**WORK INSTRUCTION:**
Reproduce the data exactly and drop any pictures it holds.

**DATA SEGMENT:**
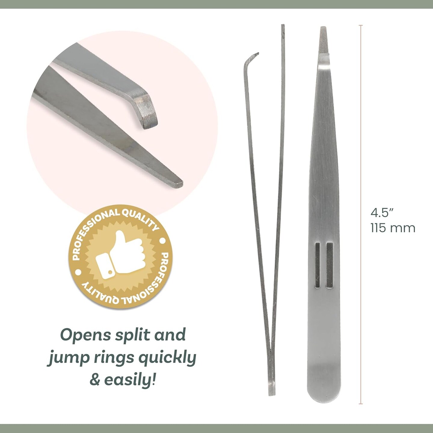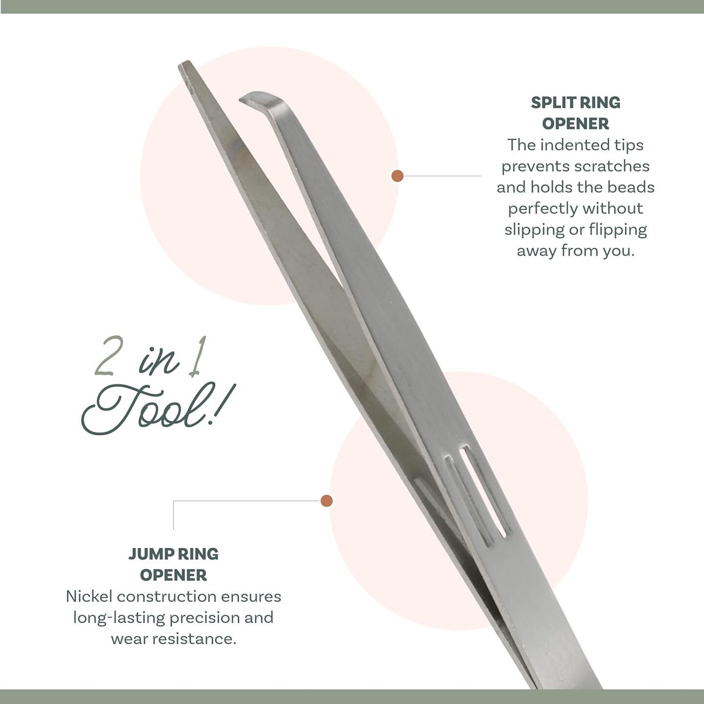 The Beadsmith Multipurpose Tweezers – 4.5” Split Ring Opening Tool with 2 Sizes of Jump Ring Openers, Tool for Jewelry Making
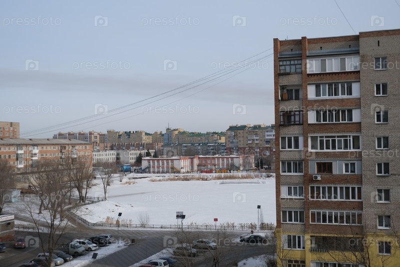 Вид из окна на городской пруд зимой Омск
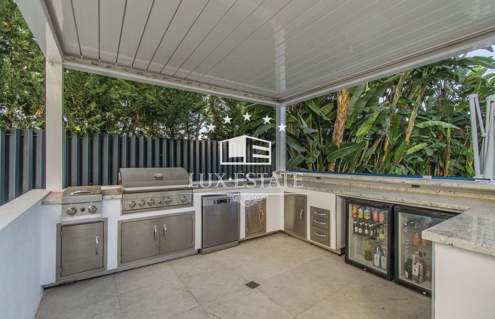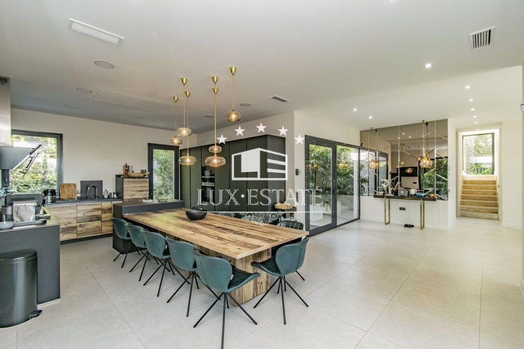 Externally, the property boasts a spacious plot complete with a private pool, a fully equipped outdoor kitchen, and a terrace that offers breathtaking views of the sea.

**ANSWER SPACE:**
 The Beadsmith Multipurpose Tweezers – 4.5” Split Ring Opening Tool with 2 Sizes of Jump Ring Openers, Tool for Jewelry Making
 Вид из окна на городской пруд зимой Омск
 Externally, the property boasts a spacious plot complete with a private pool, a fully equipped outdoor kitchen, and a terrace that offers breathtaking views of the sea.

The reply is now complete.